In contrast, SDB causes myocardial hypoxia, an increase in LV afterload, adrenergic activation, and RAAS activity, possibly impairing the beneficial effect of CRT [11,13,14,16,19-21].

In OSA, inspiration against a closed airway produces excessive negative intrathoracic pressure as low as-80 cm H2O and causes a rapid increase in LV transmural pressure and LV afterload. Simultaneously, increased venous return and hypoxia-induced vasoconstriction of pulmonary arteries increase right ventricular preload and afterload. The resulting distension of the right ventricle and leftward displacement of the interventricular septum during diastole impairs LV filling. The combination of increased afterload and decreased LV preload during obstructive apneas results in decreased LV stroke volume [21]. Moreover, this long-term, repeated increase in wall tension may stimulate further ventricular remodeling in ischemic HFrEF patients, leading to septal hypertrophy/concentric LV hypertrophy or dilatation of the heart chambers even in patients with mild OSA [16,22,23]. In addition, increased LV transmural pressure impairs coronary perfusion while increasing myocardial oxygen demand [14,21]. These mechanisms may accelerate myocardial ischemia in people with preexisting coronary artery disease and impair LV contractility and diastolic relaxation [14]. The intermittent hypoxia leads to oxidative stress, endothelial dysfunction, and systemic inflammation and promotes atherogenesis [24]. Moreover, myocardial hypoxia during obstructive or central apnea/hypopnea episodes provokes life-threatening ventricular arrhythmias [25,26].

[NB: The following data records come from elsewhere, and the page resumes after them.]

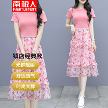 【特价】南极人品牌女装2021年夏季新款气质碎花雪纺的半身裙子两小香风时尚套装夏天凉快质量好看透 粉色 S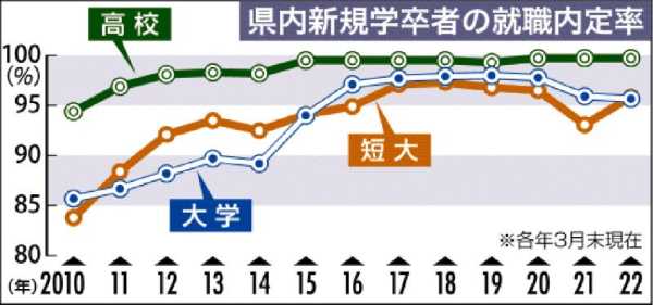 >大卒者における「超氷河期」は2000年であり、同年の有効求人倍率は0.59%、大卒の就職率は55.8%となっている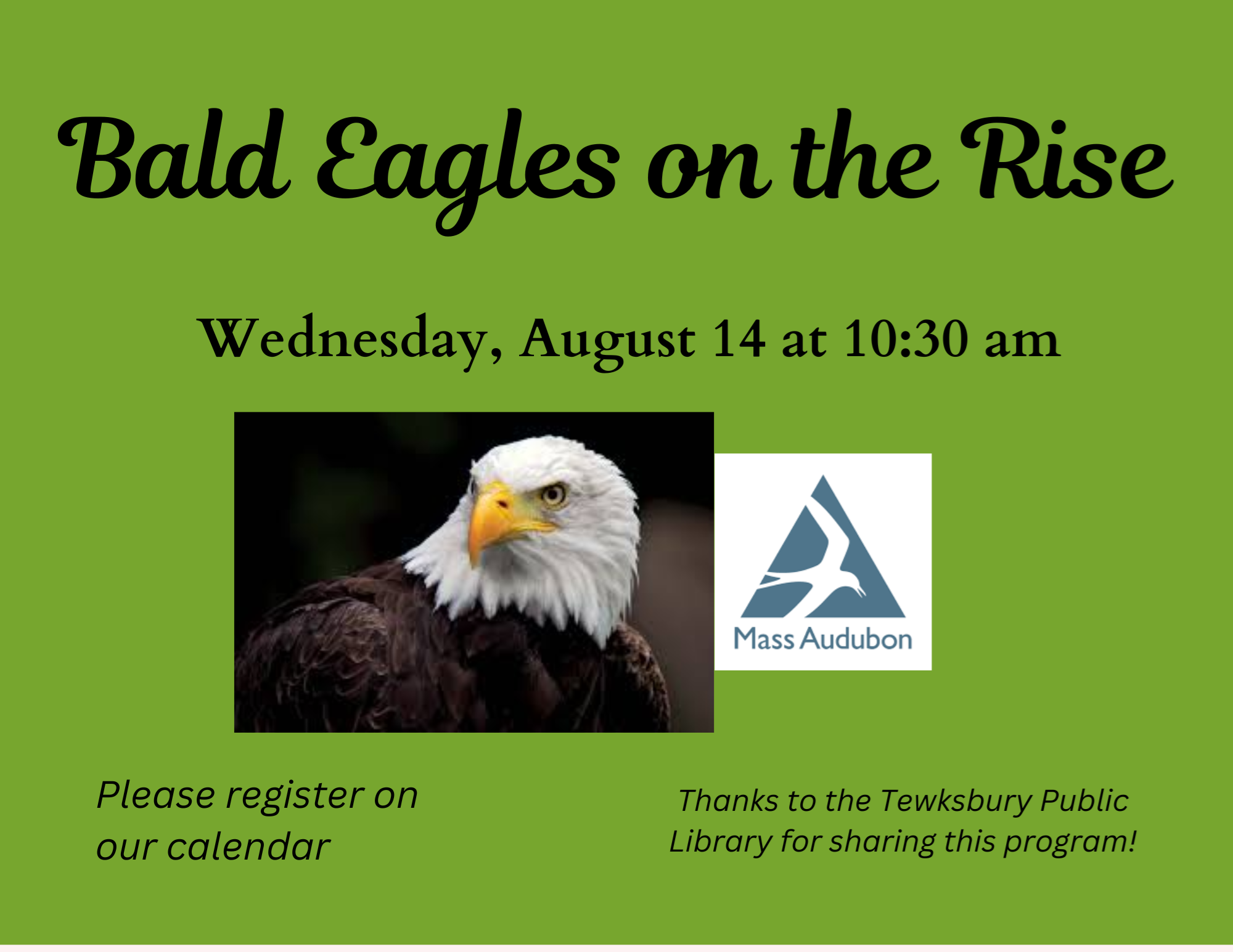 VIRTUAL: Bald Eagles on the Rise Wednesday, August 14 at 10:30 am The Bald Eagle, formerly endangered, now has a thriving population over much of the country including the northeast. Learn the natural history and life cycle of bald eagle as well as the historic restoration project in Massachusetts resulting in a healthy population and removal of endangered species status. Eagles are seen in the northeast throughout the year, and during fall migration you might be fortunate to see a non-nesting golden eagle. Led by Patti Steinman, the Education Coordinator for Mass Audubon’s Connecticut River Valley Sanctuaries, based out of Arcadia in Easthampton and Northampton. She has worked at Mass Audubon for 30 years, developing and overseeing programs for adults, families, and children.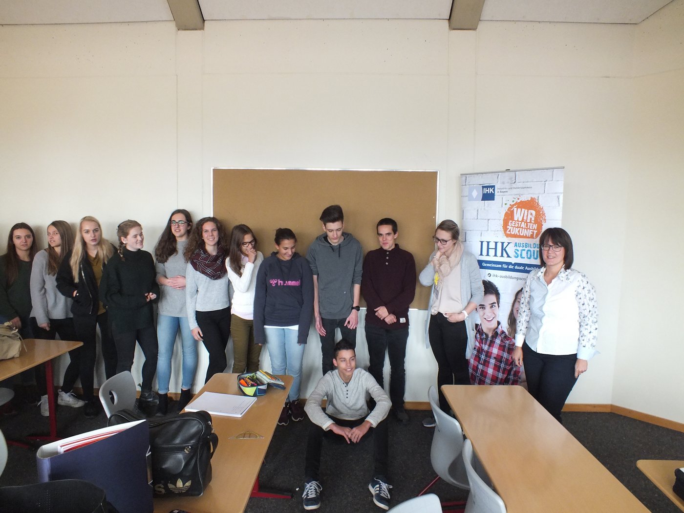 AusbildungsScouts gehen an Schulen, werben für duale Berufsausbildung und informieren über die vielfältigen Möglichkeiten, die dieser Karriereweg bietet.Im IHK-Bezirk Coburg sind zurzeit 13 AusbildungsScouts unterwegs: In Zweierteams besuchen sie die Klassen, berichten über ihre Erfahrungen in der Ausbildung und beantworten die Fragen der Schüler – authentisch, lebensnah und in der Sprache der jungen Leute.Das Gemeinschaftsprojekt der neun bayerischen Industrie- und Handelskammern ist 2015 gestartet. Ziel ist es, bis 2018 rund 100.000 Schüler über die Vielfalt der Ausbildungsberufe und die Chancen einer Ausbildung zu informieren. Das Bayerische Wirtschaftsministerium fördert das Gemeinschaftsprojekt. Zuletzt waren Nina Rudolph (Kauffrau für Büromangement) als AusbildungsScout und Thomas Aue, Leiter Kompetenzzentrum Maschinen- Anlagenbau und Automotive, im Gymnasium Albertinum Coburg zu Gast. Sie stellten den Beruf der Kauffrau für Bürokommunikation und gewerbliche Ausbildungsberufe vor. Schulen, die ebenfalls an einem Besuch der IHK-AusbildungsScouts interessiert sind, können sich an die Regionalkoordinatorin Natalie Riedel wenden.

OSA and CSA directly activate the sympathetic nervous system via apnea-induced hypoxia and carbon dioxide retention that stimulate, among others, central and peripheral chemoreceptors [11,14,27]. On the other hand, arousals from sleep caused by hypoxia and respiratory effort reduce cardiac vagal activity [11,14]. Both sympathetic overflow and parasympathetic withdrawal cause tachycardia, peripheral vasoconstriction, resistant hypertension, and the progression of LV diastolic dysfunction [28]. Autonomic dysregulation and dynamic changes of left atrial volume in SDB patients increase the likelihood of refractory atrial fibrillation [29- 31]. Meanwhile, insufficient biventricular pacing burden and atrioventricular synchrony loss increase the risk of tachycardiainduced cardiomyopathy and poorer CRT response [32,33]. In addition, increased activity of the sympathetic nervous system promotes sodium and water retention in the kidneys, directly and through the stimulation of RAAS, increasing the LV volume and pressure overload [16].

SDB’s role on the response to cardiac resynchronization therapy (clinical investigations)

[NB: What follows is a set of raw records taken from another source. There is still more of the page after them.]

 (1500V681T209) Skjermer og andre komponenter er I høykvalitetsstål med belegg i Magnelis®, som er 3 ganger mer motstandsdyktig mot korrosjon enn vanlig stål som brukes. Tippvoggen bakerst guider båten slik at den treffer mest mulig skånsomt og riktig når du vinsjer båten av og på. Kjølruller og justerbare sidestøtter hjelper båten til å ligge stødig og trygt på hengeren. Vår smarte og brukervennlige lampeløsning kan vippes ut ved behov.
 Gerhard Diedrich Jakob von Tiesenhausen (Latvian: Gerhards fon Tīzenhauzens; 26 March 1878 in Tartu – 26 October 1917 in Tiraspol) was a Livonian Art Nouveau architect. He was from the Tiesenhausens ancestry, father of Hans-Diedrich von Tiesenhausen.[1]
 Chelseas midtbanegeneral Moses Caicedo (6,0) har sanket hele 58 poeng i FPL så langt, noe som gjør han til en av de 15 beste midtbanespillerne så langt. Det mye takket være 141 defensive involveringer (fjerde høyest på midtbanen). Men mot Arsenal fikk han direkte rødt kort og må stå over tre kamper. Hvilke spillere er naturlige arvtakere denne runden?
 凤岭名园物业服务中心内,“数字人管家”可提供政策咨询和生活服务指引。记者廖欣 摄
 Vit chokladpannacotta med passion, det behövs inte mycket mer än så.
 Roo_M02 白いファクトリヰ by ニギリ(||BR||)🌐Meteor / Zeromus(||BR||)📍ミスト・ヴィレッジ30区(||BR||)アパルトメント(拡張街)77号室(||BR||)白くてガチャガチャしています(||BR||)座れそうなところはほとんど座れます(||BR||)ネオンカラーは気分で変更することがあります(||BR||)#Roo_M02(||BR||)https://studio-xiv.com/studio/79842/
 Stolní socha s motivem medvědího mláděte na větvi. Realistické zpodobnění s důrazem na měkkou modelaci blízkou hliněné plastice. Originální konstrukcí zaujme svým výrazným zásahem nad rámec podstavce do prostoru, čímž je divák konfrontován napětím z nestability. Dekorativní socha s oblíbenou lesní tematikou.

A cardiorespiratory fitness improvement is typically associated with an improvement in SDB severity, particularly CSA [34,35]. CRT has been previously assessed in this regard [36-41]. Most studies showed a median to high reduction in the Apnea/Hypopnea Index (AHI) or other respiratory parameters, with any improvement depending on the SDB type and CRT response [36-41]. However, the relationship between the LV volume and function and SDB severity in HFrEF patients with CRT is multidirectional [15]. Some data supports SDB influences the response to CRT and long-term prognosis [42-44].

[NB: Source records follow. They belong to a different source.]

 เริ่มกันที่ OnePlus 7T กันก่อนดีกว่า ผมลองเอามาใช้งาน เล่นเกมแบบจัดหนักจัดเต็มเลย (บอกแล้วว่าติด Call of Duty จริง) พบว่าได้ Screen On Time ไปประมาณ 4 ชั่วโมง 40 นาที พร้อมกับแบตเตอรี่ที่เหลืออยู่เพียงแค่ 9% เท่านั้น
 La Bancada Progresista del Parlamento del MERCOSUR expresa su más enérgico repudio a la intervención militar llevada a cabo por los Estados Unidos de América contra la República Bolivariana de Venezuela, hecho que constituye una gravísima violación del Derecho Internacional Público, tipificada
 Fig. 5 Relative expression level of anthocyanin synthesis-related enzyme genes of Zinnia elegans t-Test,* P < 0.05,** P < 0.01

Per Shantha et al. [42], OSA (mean baseline AHI of 26 ± 16 events/hour of sleep) predicted non-response to CRT and all-cause mortality in 548 cohorts of patients with HFrEF. LVEF remained unchanged (28 ± 5% vs. 27 ± 7%, p<0.71) in the OSA group but improved after a follow-up of 76 ± 17 months (27 ± 6% vs. 45 ± 7%, p<0.001) in the non-OSA group. Moreover, the LVESV index was higher in OSA than in the non-OSA group at the end of the follow-up period (42 ± 4 ml/m2 vs. 33 ± 4 ml/m2, respectively). In the group with severe preexistent OSA, the proportion of CRT responders (defined as LVEF improvement by ≥10%) was significantly lower (49%) than in the group with moderate (66%) and mild (78%) OSA (p=0.001). OSA diagnosis was associated with a 3.7-times-higher risk of all-cause mortality.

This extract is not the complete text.